2024-10-29 NASA
<関連情報>
- https://www.nasa.gov/earth/nasa-helps-find-thawing-permafrost-adds-to-near-term-global-warming/
- https://agupubs.onlinelibrary.wiley.com/doi/10.1029/2023GB007969
永久凍土地域の温室効果ガス収支は弱いCO2吸収源とCH4とN2O供給源を示唆、しかしトップダウンとボトムアップの手法でその大きさは異なる Permafrost Region Greenhouse Gas Budgets Suggest a Weak CO2 Sink and CH4 and N2O Sources, But Magnitudes Differ Between Top-Down and Bottom-Up Methods
G. Hugelius, J. Ramage, E. Burke, A. Chatterjee, T. L. Smallman, T. Aalto, A. Bastos, C. Biasi, J. G. Canadell, N. Chandra, F. Chevallier, P. Ciais, J. Chang, L. Feng, M. W. Jones, T. Kleinen, M. Kuhn …

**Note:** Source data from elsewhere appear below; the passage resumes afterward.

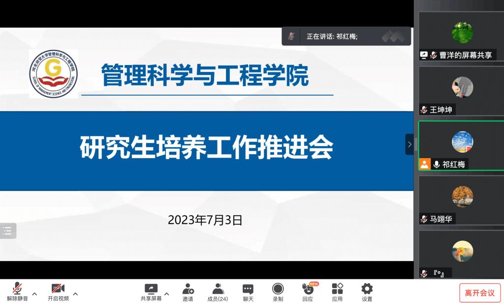 祁红梅从招生、管理、培养和学位工作,四个方面分析了学院研究生教育现状和面临的挑战,布置了暑期重点工作。她指出推进研究生教育高质量发展:一是以立德树人为使命,规范培养过程管理,导师定期与研究生开展学术研讨或进度汇报活动,实时掌握研究生学习和科研进展;二是以新财经教育改革为主线,鼓励师生外出开展移动课堂、研学等活动,进一步拓宽公司研究生的视野;三是以过程管理为抓手,加强论文开题、预答辩、送审及答辩等培养环节的审查力度。
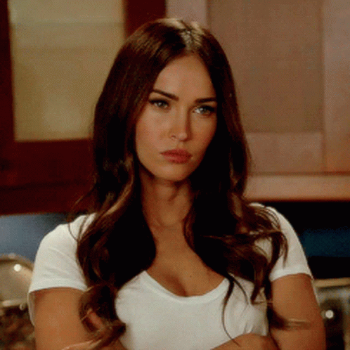 Megan Fox, the actress, poses with her arms crossed, wearing a simple white t-shirt and a serious expression.
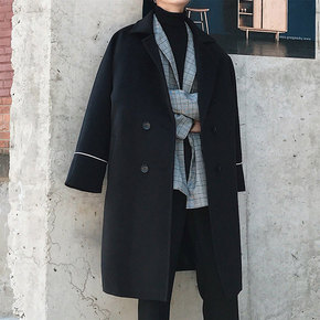 秋冬季风衣男中长款潮流帅气情侣呢子外套男宽松韩版潮...
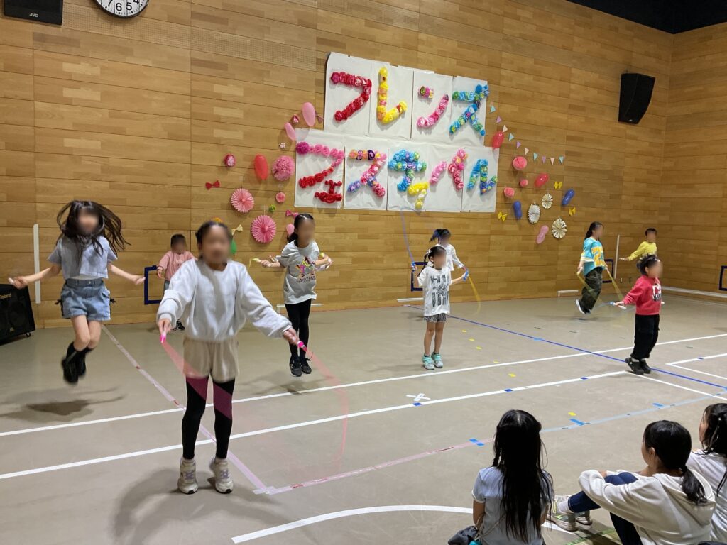 今月のフレンズカップは、1、2年生が対象のなわとび大会を行いました。30秒間で飛んだ回数に応じたポイントの合計点を競いました。種目は前飛び、後ろ飛び、片足飛びの3種目です。練習時間では得意な種目をたくさん練習していました。
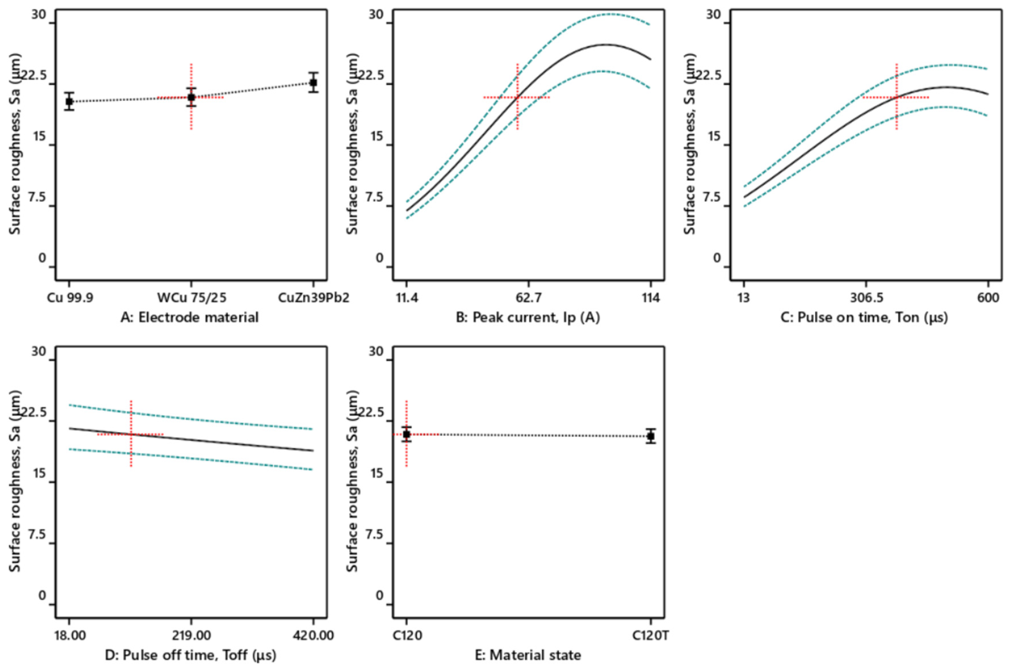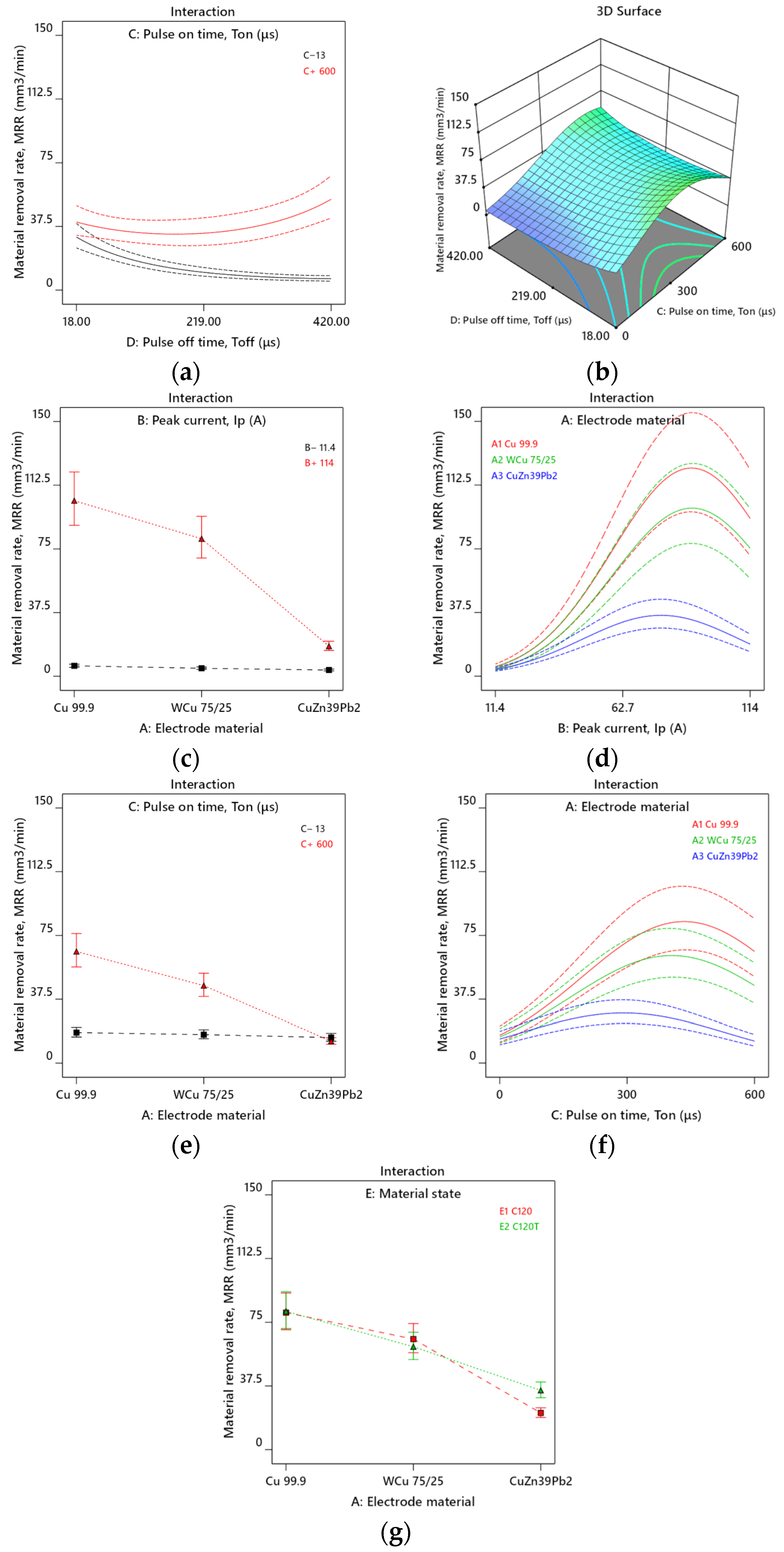 - The interaction AC reveals that for the lower Ton, the electrode material does not modify surface roughness. However, for larger Ton (600 μs), the surface roughness is significantly higher and increases from the Cu 99.9 electrode to Wcu 75/25 and CuZn39Pb2 (Figure 7e).

Global Biogeochemical Cycles Published: 26 October 2024
DOI:https://doi.org/10.1029/2023GB007969
Abstract
Large stocks of soil carbon (C) and nitrogen (N) in northern permafrost soils are vulnerable to remobilization under climate change. However, there are large uncertainties in present-day greenhouse gas (GHG) budgets. We compare bottom-up (data-driven upscaling and process-based models) and top-down (atmospheric inversion models) budgets of carbon dioxide (CO2), methane (CH4) and nitrous oxide (N2O) as well as lateral fluxes of C and N across the region over 2000–2020. Bottom-up approaches estimate higher land-to-atmosphere fluxes for all GHGs. Both bottom-up and top-down approaches show a sink of CO2 in natural ecosystems (bottom-up: −29 (−709, 455), top-down: −587 (−862, −312) Tg CO2-C yr−1) and sources of CH4 (bottom-up: 38 (22, 53), top-down: 15 (11, 18) Tg CH4-C yr−1) and N2O (bottom-up: 0.7 (0.1, 1.3), top-down: 0.09 (−0.19, 0.37) Tg N2O-N yr−1). The combined global warming potential of all three gases (GWP-100) cannot be distinguished from neutral. Over shorter timescales (GWP-20), the region is a net GHG source because CH4 dominates the total forcing. The net CO2 sink in Boreal forests and wetlands is largely offset by fires and inland water CO2 emissions as well as CH4 emissions from wetlands and inland waters, with a smaller contribution from N2O emissions. Priorities for future research include the representation of inland waters in process-based models and the compilation of process-model ensembles for CH4 and N2O. Discrepancies between bottom-up and top-down methods call for analyses of how prior flux ensembles impact inversion budgets, more and well-distributed in situ GHG measurements and improved resolution in upscaling techniques.
Key Points
- The northern terrestrial permafrost region was a weak annual CO2 sink and stable source of CH4 and N2O during the time period 2000–2020
- The global warming potential is indistinguishable from neutral over a 100 years time period but a net source of warming over a 20 year period
- Bottom-up and top-down methods yield different magnitudes of estimates that cannot be fully reconciled
Plain Language Summary
The northern permafrost region covers large areas and stores very large amounts of carbon and nitrogen in soils and sediments. With climate change, there is concern that thawing permafrost will release greenhouse gases into the atmosphere, shifting the region from long-term cooling of the global climate to a net warming effect. In this study, we used different techniques to assess the greenhouse gas budgets of carbon dioxide, methane and nitrous oxide for the time period 2000‒2020. We find that the region is a net sink of carbon dioxide, mainly in boreal forests and wetlands, while carbon dioxide is emitted from inland waters and fires affecting both forest and tundra. Lakes and wetlands are strong sources of methane, which contributes to warm the climate significantly, especially over shorter timescales. Nitrous oxide is emitted at low rates across the region, with a relatively limited impact on climate. In summary, the climate warming from the northern permafrost region is likely close to neutral when calculated over a 100 years time window, but it warms the climate when calculated over a 20 years time window.